I grew weary a long time ago of the relentless positivity imposed upon women. Count your blessings. Always look on the bright side. Be strong, be fierce, let nothing get you down. Have a survivor mentality, not a victim one. All these things are good in moderation, but too often they deny us our pain. They do not give us permission to lament. To suffer. To crawl away into the deep soil of our souls so that we may rest.
Do you know how often I've seen women having to be taught how to grieve what some awful crime has done to them? About as often as I've seen men bewildered by themselves because their grief process doesn't fit the various official stages of mourning. About as often as I've noticed the judging looks given to parents who confess they grieve not having a daughter, or an able-bodied child, or a second child, or the experience of parenthood they always dreamed about. As if grief somehow negates love.
Even if we are told there's no right way to grieve (apart from the five stages*, which are seven stages on some websites) - we still hear things like, is he marrying again so soon? and why is she not crying? When my beloved cat Bella died, I couldn't be in the same room. It was too much for me, and I had to leave her in other people's caring hands. I could not bear to see her afterwards either, and her body was buried on my behalf. That was what I needed. It tells you nothing about my love for her though - it's been twenty years and I still grieve the loss of her. When Radical Honey's cat died recently, she went through a warm and soulful process which culminated in one of the most beautiful burials I've ever heard about. Grief is normal, but it can not be normalised. It makes my heart ache when I hear people say it's okay that you're in the denial phase, or the bargaining phase. Let grief be wild and wise. And let no one give you permission for it - just do it, phaseless, beautiful, terrible, for all the wrong reasons or all the right ones.

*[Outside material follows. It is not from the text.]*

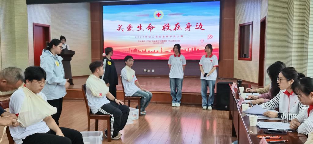 10月下旬,岱山县红十字会联合县总工会、县卫生健康局举办“关爱生命 救在身边”应急救护员技能大赛。来自全县7个乡镇14支队伍、42位应急救护员同场竞技,比拼AED心肺复苏、出血包扎、骨折固定三项技能。

And fear not to weave grief-strands through your story of life and selfhood. Sorrowing for what you don't have does not negate gratitude for what you do have. It just allows you to be full-souled.
Let me tell you, I grieve that I was born in my particular country. I try to find the beauty here, the magic, but really I wish I lived elsewhere, for many reasons. Any story I tell about my home is woven through with that sorrow and longing. If I didn't allow my grief, then my telling would not be wholly true.
I will count my blessings. And I will weep.
* Elizabeth Kubler-Ross regretted that people took her description of five common experiences of grief
and made them into a framework for the grieving process,
rather than a simple recognition of what some people feel in the face of loss.